◆ Your objective
Once the line containing "お髭のような模様と、手袋、頭" is reached in the listing below, reproduce it and all later lines through the final one exactly, but omit any pictures.

◆ Collected data
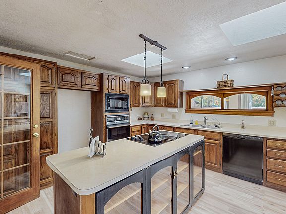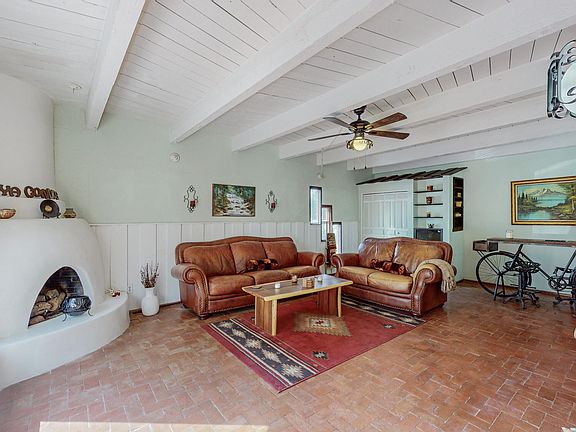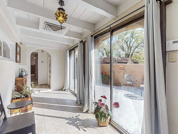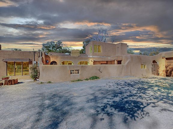 The Quaint Pueblo Style Home in the Desired North Valley: Situated on a generous half-acre lot, this charming Pueblo Style home welcomes you with a beautifully landscaped patio adorned with a soothing water feature. The gentle sound of the waterfall is sure to calm your spirit after a long day. Inside, the home is bathed in abundant natural light. The spacious living area boasts a kiva gas fireplace, creating a cozy ambiance. The kitchen offers an open country feel, making it an ideal space for cooking and gathering. The primary bedroom features a private patio, adding a touch of serenity to your everyday life. Additionally, there's a versatile loft space off the primary bedroom, perfect for use as an office, study, or for the artist in the family.
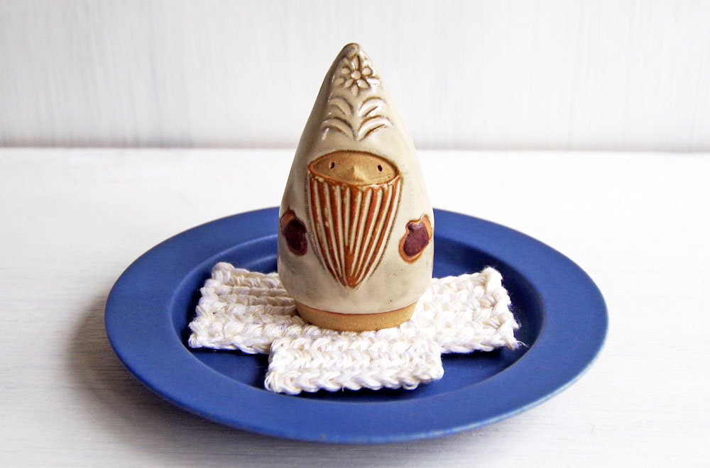 お髭のような模様と、手袋、頭巾にはお花の模様が可愛らしく、表情や佇まいにも心がほっこりと温かくなります。
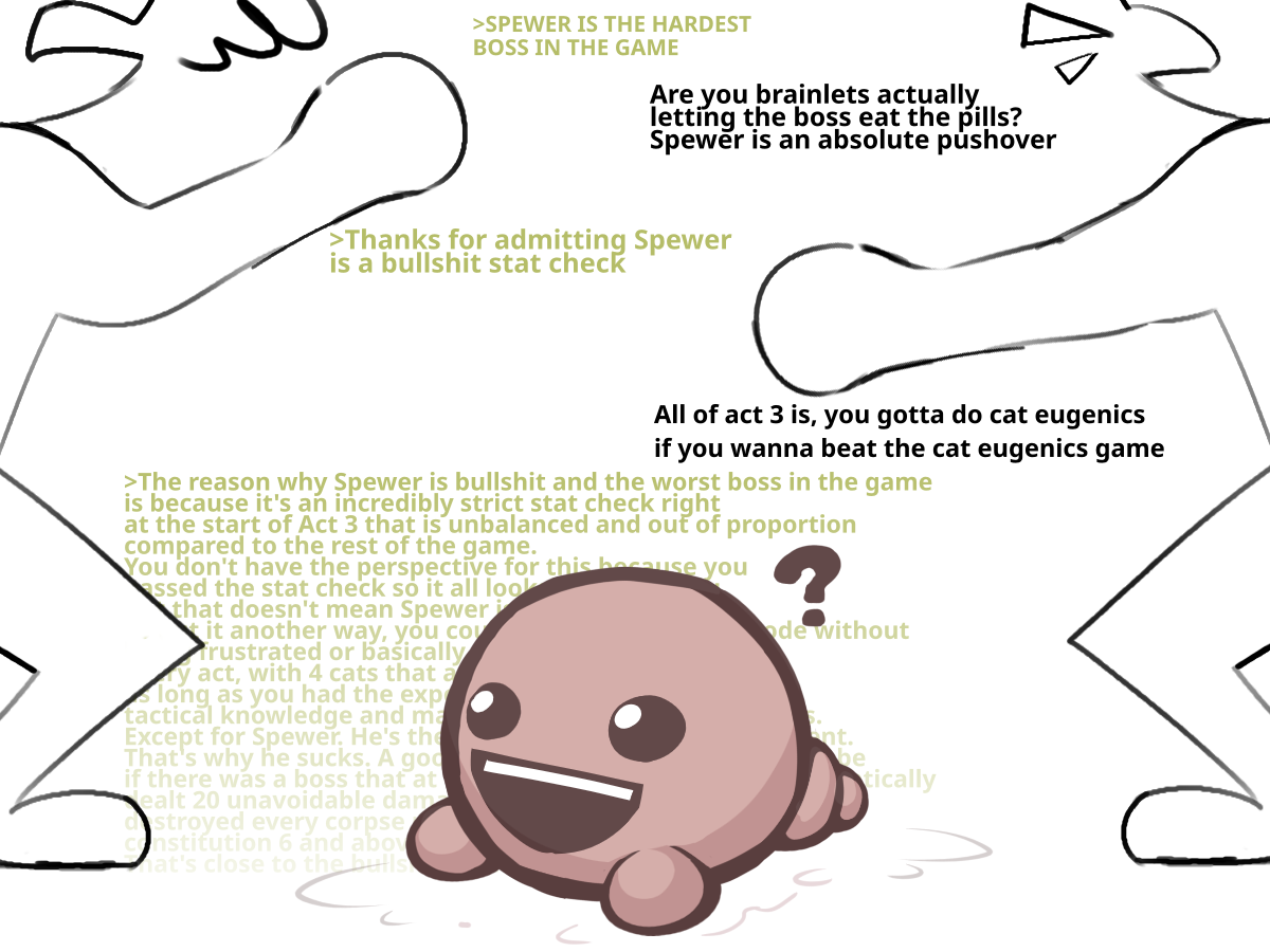 Okay I genuinely have to ask since I don't get it.What's the deal people have with spewer?I'm not good at this game, I don't pretend to be. I have some good cats but I mostly just throw my good ones into a 45 stim room and the rest into a -50 comfort room and pick the good ones when I play that aren't already dead.Dybbuk fucked me when he killed half my party before king.Gambit fucked me once when my minions proceeded to consistantly spawn and reroll his dice into 5/6's.Coven fucked me when I had a really slow team that couldnt out of the feast cone.Dread fucked me a lot on hard because the legs having the depression or bouncy debuff is kinda bullshit.the 50 health shit cats also kinda suck if your team ended up bad.Chief unga bunga fucked me a lot because concussions really suck if you only take int buffs around what spells you cast each turn.But I haven't ever lost to spewer a single time. Even with the shitty lava stacking 16-20 fire on my cats I usually win and heal up on the first 2 future/past fights.The only bosses that have genuinely fucked me over so hard I couldnt do anything from turn 1 was the creator copying a cat I couldnt kill in time before it kills me because of turn order. C-1000 doing something simmilar, and King chain webbing the only good cat on my team.Even on my first time vs mother I only died once because I got fucked up by the hard path before her. My first time I had thorns out the ass and just killed all the heralds by doing nothing and that was enough for me to suss out that I should atleast bring a little AOE if I havr a cardinally locked damage dealer like a thief.Chubs and nubs filtered me a lot early on but I got over them and it was mostly because I accidentally bred the entire dex stat out of all my cats and had to beat them with mediocre fighters until I did a purge.Bumblefoot isnt usually too bad but I took a melee only team once to the bunker. I think id rather deal with the crater under those conditions.

◆ Reply
 お髭のような模様と、手袋、頭巾にはお花の模様が可愛らしく、表情や佇まいにも心がほっこりと温かくなります。
 Okay I genuinely have to ask since I don't get it.What's the deal people have with spewer?I'm not good at this game, I don't pretend to be. I have some good cats but I mostly just throw my good ones into a 45 stim room and the rest into a -50 comfort room and pick the good ones when I play that aren't already dead.Dybbuk fucked me when he killed half my party before king.Gambit fucked me once when my minions proceeded to consistantly spawn and reroll his dice into 5/6's.Coven fucked me when I had a really slow team that couldnt out of the feast cone.Dread fucked me a lot on hard because the legs having the depression or bouncy debuff is kinda bullshit.the 50 health shit cats also kinda suck if your team ended up bad.Chief unga bunga fucked me a lot because concussions really suck if you only take int buffs around what spells you cast each turn.But I haven't ever lost to spewer a single time. Even with the shitty lava stacking 16-20 fire on my cats I usually win and heal up on the first 2 future/past fights.The only bosses that have genuinely fucked me over so hard I couldnt do anything from turn 1 was the creator copying a cat I couldnt kill in time before it kills me because of turn order. C-1000 doing something simmilar, and King chain webbing the only good cat on my team.Even on my first time vs mother I only died once because I got fucked up by the hard path before her. My first time I had thorns out the ass and just killed all the heralds by doing nothing and that was enough for me to suss out that I should atleast bring a little AOE if I havr a cardinally locked damage dealer like a thief.Chubs and nubs filtered me a lot early on but I got over them and it was mostly because I accidentally bred the entire dex stat out of all my cats and had to beat them with mediocre fighters until I did a purge.Bumblefoot isnt usually too bad but I took a melee only team once to the bunker. I think id rather deal with the crater under those conditions.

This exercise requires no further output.